• WHAT YOU ARE ASKED TO DO: The output should be the listing below, limited to the lines from the one with "Alcon Carnívoros Fundo" through the one with "Deep green April", exact and without pictures.

----- SUPPLIED ENTRIES

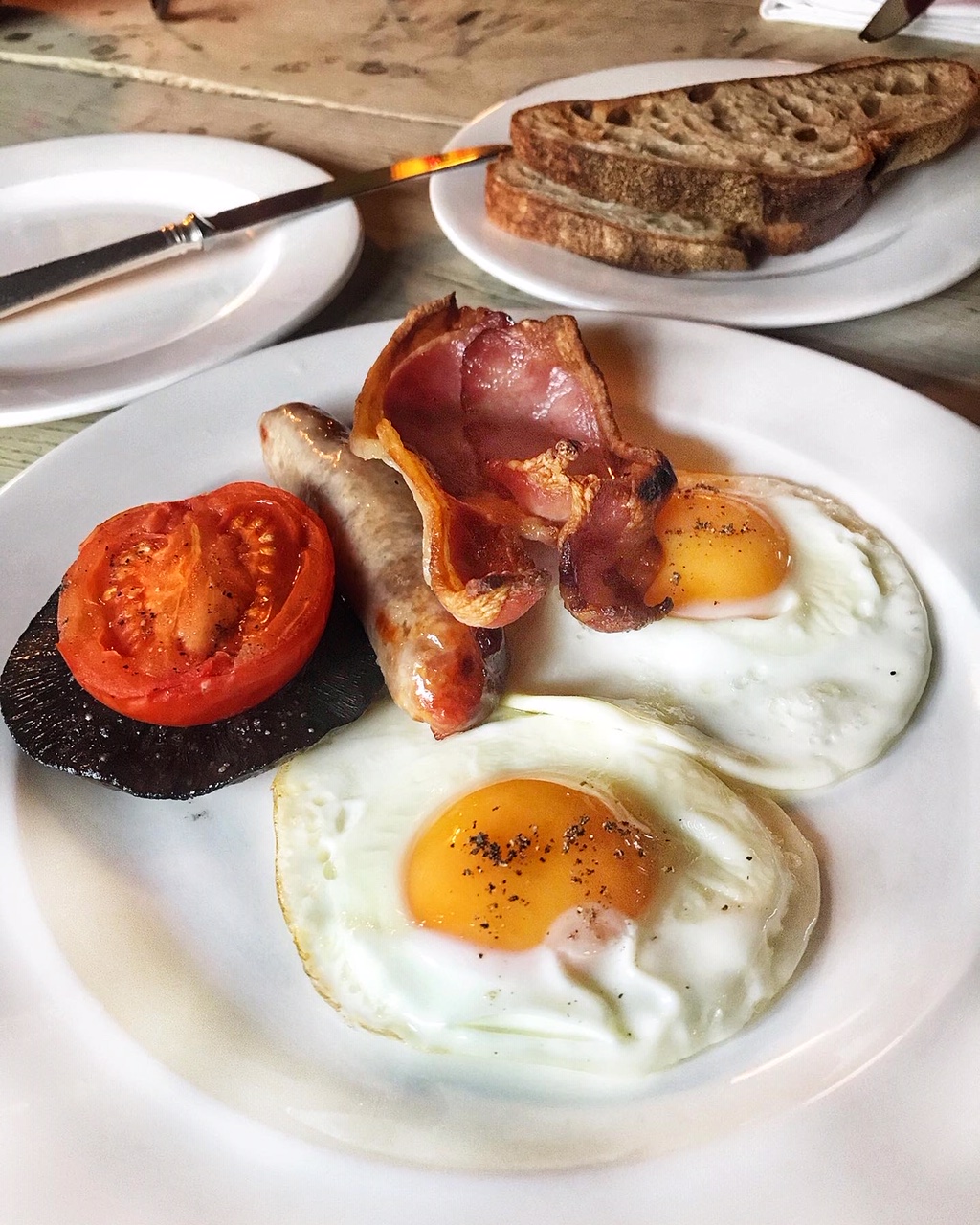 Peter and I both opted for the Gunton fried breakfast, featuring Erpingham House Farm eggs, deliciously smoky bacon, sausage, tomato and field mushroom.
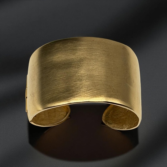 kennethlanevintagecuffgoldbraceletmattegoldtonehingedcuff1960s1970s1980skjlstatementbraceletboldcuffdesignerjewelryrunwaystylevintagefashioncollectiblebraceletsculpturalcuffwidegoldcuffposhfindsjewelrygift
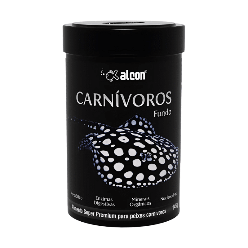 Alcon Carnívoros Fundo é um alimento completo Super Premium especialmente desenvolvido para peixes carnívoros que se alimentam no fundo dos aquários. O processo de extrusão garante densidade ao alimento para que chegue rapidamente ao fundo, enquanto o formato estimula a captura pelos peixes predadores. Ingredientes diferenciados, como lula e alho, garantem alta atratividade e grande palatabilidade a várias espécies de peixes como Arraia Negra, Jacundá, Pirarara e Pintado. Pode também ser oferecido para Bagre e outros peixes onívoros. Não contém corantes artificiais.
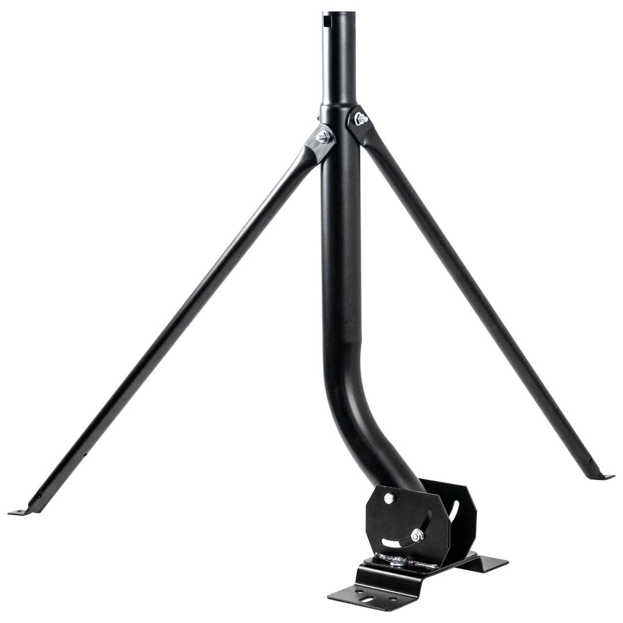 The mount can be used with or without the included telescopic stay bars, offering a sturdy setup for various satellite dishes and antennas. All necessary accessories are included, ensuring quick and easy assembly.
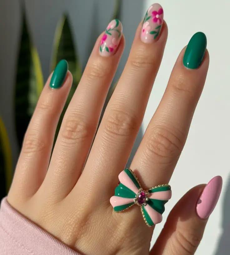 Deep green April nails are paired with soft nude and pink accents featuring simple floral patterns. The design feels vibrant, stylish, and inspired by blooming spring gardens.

----------
----- SUPPLIED ENTRIES

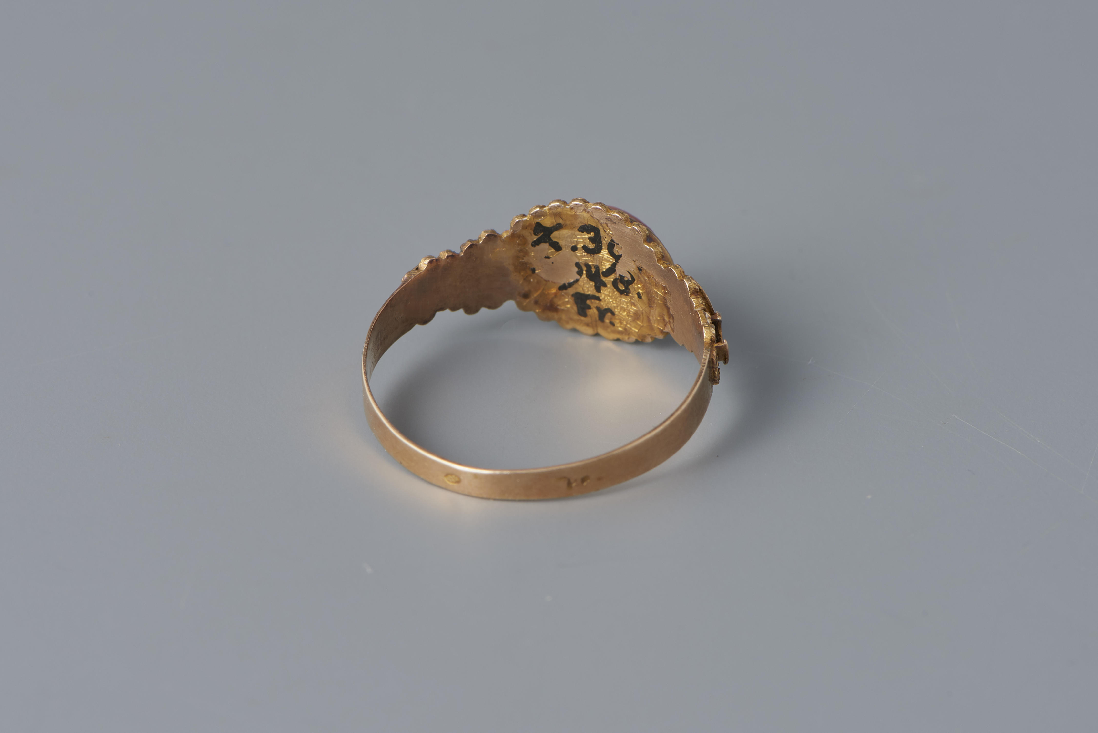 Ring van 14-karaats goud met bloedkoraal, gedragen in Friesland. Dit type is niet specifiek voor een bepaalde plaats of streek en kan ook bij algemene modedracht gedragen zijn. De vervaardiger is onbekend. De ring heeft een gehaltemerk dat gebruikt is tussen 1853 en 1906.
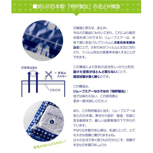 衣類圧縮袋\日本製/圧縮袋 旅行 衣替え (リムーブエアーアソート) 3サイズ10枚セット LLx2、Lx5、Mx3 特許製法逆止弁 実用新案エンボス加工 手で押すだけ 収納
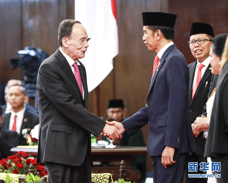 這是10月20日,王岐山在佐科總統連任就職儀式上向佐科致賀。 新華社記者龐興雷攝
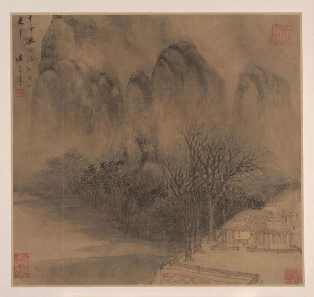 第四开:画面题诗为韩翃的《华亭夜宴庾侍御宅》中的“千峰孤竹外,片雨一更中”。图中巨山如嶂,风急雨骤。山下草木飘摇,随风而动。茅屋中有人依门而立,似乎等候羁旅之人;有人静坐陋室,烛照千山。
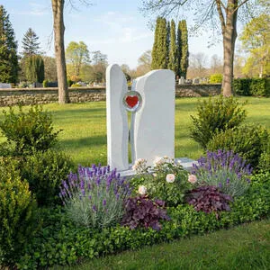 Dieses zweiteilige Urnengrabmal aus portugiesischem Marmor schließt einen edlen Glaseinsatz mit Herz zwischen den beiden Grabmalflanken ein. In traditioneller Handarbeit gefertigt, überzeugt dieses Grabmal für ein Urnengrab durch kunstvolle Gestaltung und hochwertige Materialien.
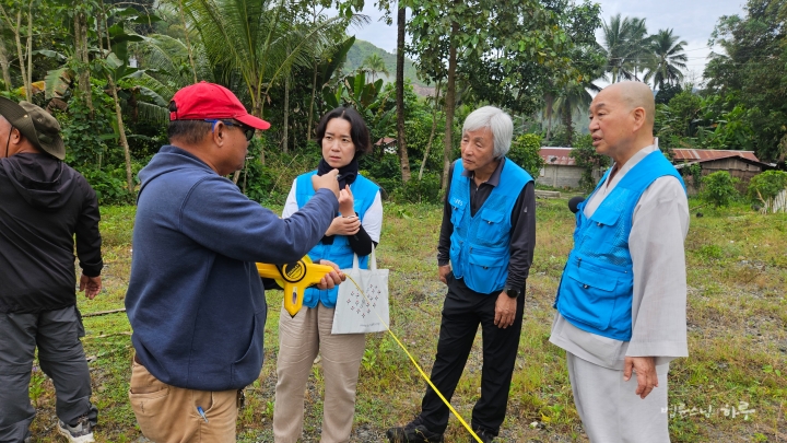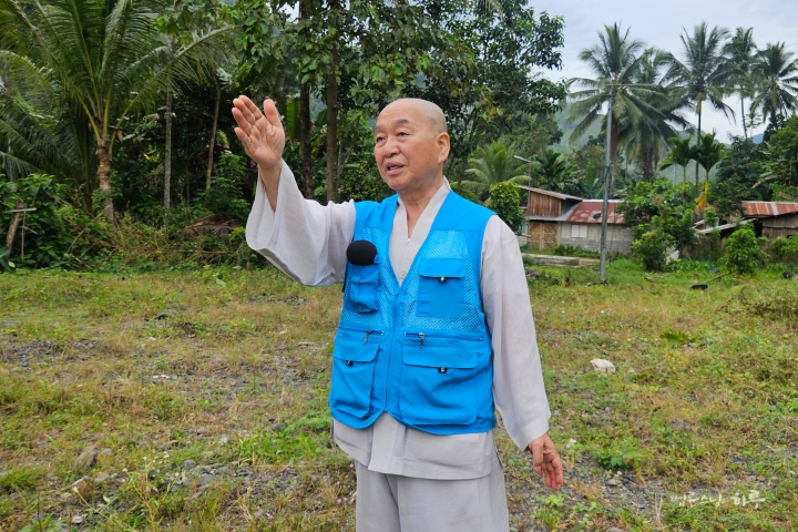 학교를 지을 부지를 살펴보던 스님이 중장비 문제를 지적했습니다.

----------
----- SUPPLIED ENTRIES

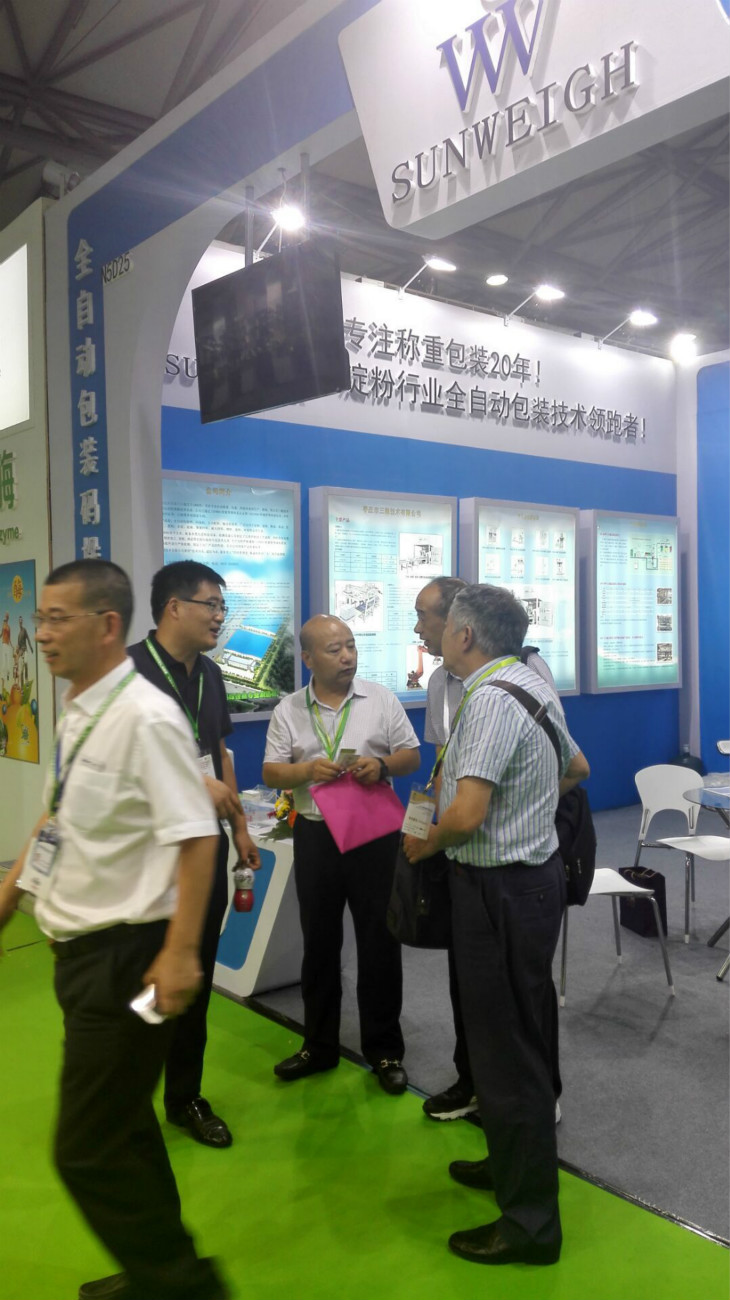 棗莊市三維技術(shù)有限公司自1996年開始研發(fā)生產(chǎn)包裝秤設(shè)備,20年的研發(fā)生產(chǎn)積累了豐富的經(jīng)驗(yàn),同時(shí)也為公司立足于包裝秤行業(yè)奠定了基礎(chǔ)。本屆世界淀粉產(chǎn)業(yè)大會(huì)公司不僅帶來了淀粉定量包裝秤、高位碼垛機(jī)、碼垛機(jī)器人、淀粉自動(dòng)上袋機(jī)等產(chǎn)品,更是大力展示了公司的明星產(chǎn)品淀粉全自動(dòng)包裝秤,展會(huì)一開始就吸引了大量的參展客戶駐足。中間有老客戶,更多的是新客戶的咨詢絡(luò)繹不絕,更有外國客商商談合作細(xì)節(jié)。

----------

• WORKED SOLUTION:
 Alcon Carnívoros Fundo é um alimento completo Super Premium especialmente desenvolvido para peixes carnívoros que se alimentam no fundo dos aquários. O processo de extrusão garante densidade ao alimento para que chegue rapidamente ao fundo, enquanto o formato estimula a captura pelos peixes predadores. Ingredientes diferenciados, como lula e alho, garantem alta atratividade e grande palatabilidade a várias espécies de peixes como Arraia Negra, Jacundá, Pirarara e Pintado. Pode também ser oferecido para Bagre e outros peixes onívoros. Não contém corantes artificiais.
 The mount can be used with or without the included telescopic stay bars, offering a sturdy setup for various satellite dishes and antennas. All necessary accessories are included, ensuring quick and easy assembly.
 Deep green April nails are paired with soft nude and pink accents featuring simple floral patterns. The design feels vibrant, stylish, and inspired by blooming spring gardens.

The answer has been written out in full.